Recently the High Priest of the ruling religion kingdom A had the long killed and disguised it as an assassination by kingdom B. The High Priest due to a old by law that gives him control until a successor can be found now rules as the King Priest, a role he doesnt intend to give up. He plans to ensure this with the war so hes gave decree to all of the Lord's of the kingdom to send their forces to help aid those along the border.

So when the players come in, there will be this area that sees constant fighting, raiding, quick in and out attacks, small scale stuff. My only thing is that I want this war to feel big, and huge to my players to the poimt that even if they're within the heart hundreds of miles away, they can still feel it.

But as has been said, I guess that's just me looking at WW1 and WW2 and feeling that wars always had an effect. I still plan on doing this, but clearly what I had in my head has no historical bearing lol. Oh well, I'll embrace the romanticism of it and run.
 

Bluenose

Adventurer
Recently the High Priest of the ruling religion kingdom A had the long killed and disguised it as an assassination by kingdom B. The High Priest due to a old by law that gives him control until a successor can be found now rules as the King Priest, a role he doesnt intend to give up.

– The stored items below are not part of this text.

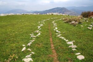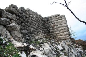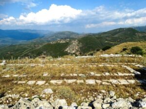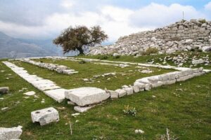 Αυτά, καθώς βρίσκομαι προ των πυλών της αρχαίας πόλης, ανάμεσα σε θεριεμένα χορτάρια, φουντωμένους θάμνους και συστάδες από πουρνάρια και βελανιδιές.
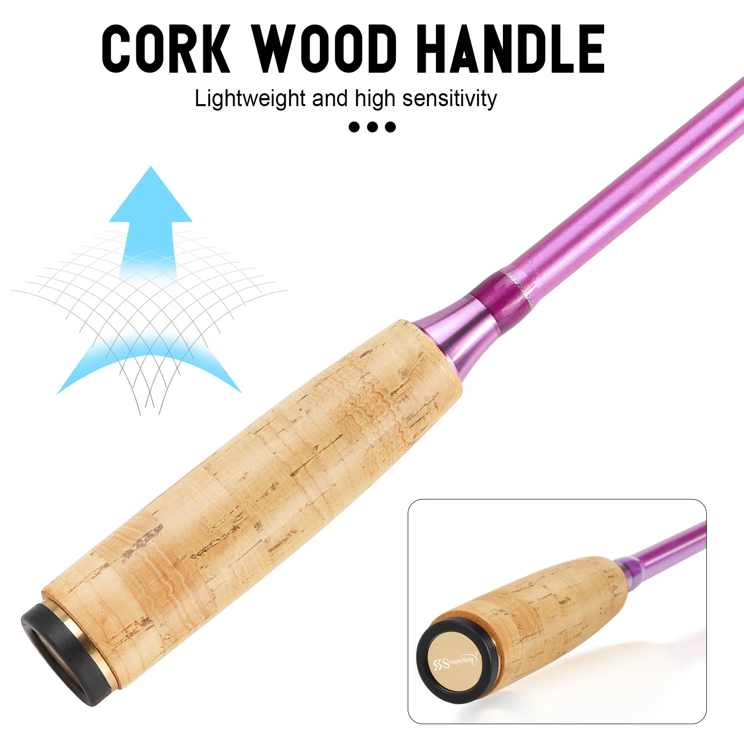 El mango de madera de corcho proporciona un agarre cómodo, lo que reduce la fatiga durante largas sesiones de pesca.
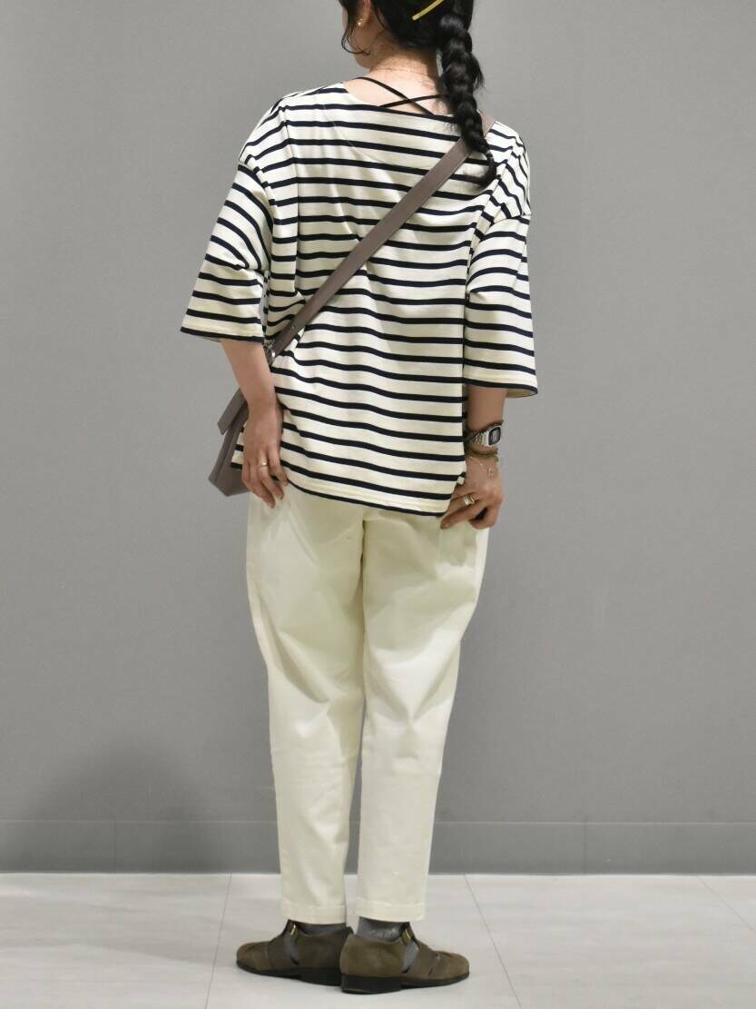 コットンストレッチイージーパンツはかぐれで定番の美シルエットのアイテム。
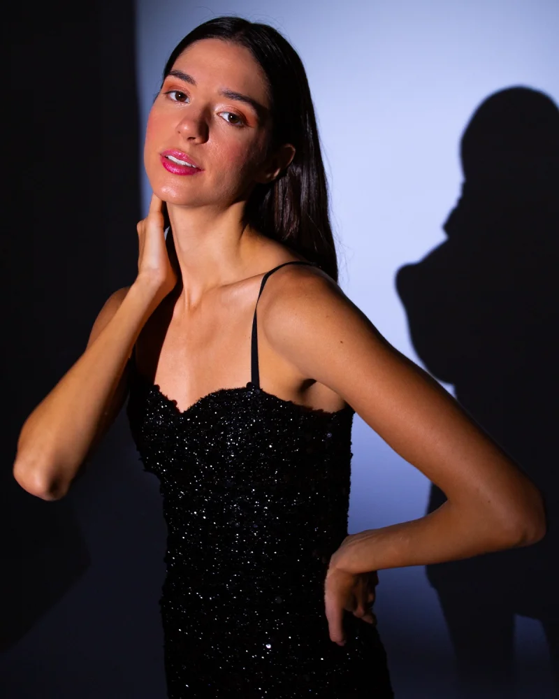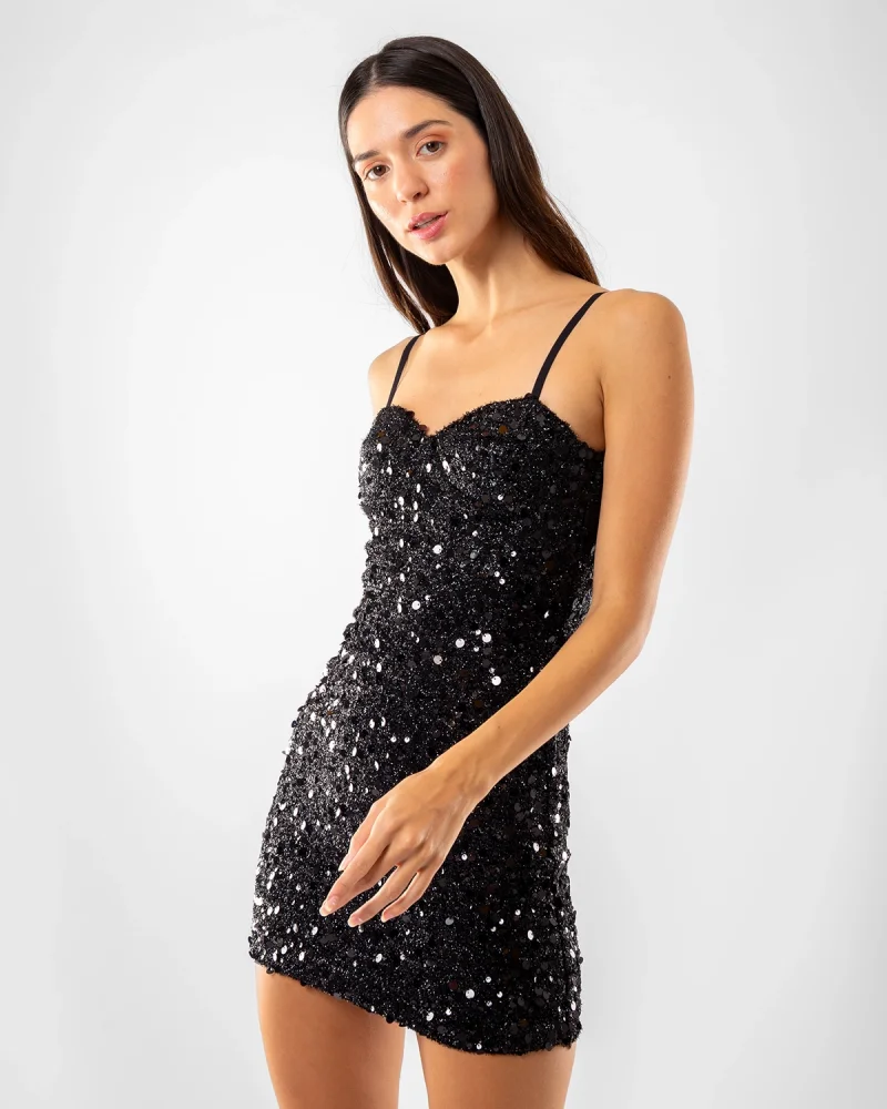 Siyah Payetli Kuş Tüyü Detaylı Askılı Siyah Mini Elbise

He plans to ensure this with the war so hes gave decree to all of the Lord's of the kingdom to send their forces to help aid those along the border.

So when the players come in, there will be this area that sees constant fighting, raiding, quick in and out attacks, small scale stuff. My only thing is that I want this war to feel big, and huge to my players to the poimt that even if they're within the heart hundreds of miles away, they can still feel it.
Take a look at Spain, either in the era of the Allmoravids or Almohads (or some of the wars of the Reconquista). Make the two sides a little more united than they historically were, but keep the central monarchy rather weak (not unreasonable for the period). Most wars will be between local rulers, and there's a shifting border across which raiding is quite common. Then one side gets an influx of religious fervour (perhaps including outsiders) and a leader who promises to finally destroy the infidel. There's your extreme national effort with effects felt across the whole region (on both sides) building up to some form of climactic experience (and then fizzling out into more of the same, just with different people in charge and a larger change in the borders).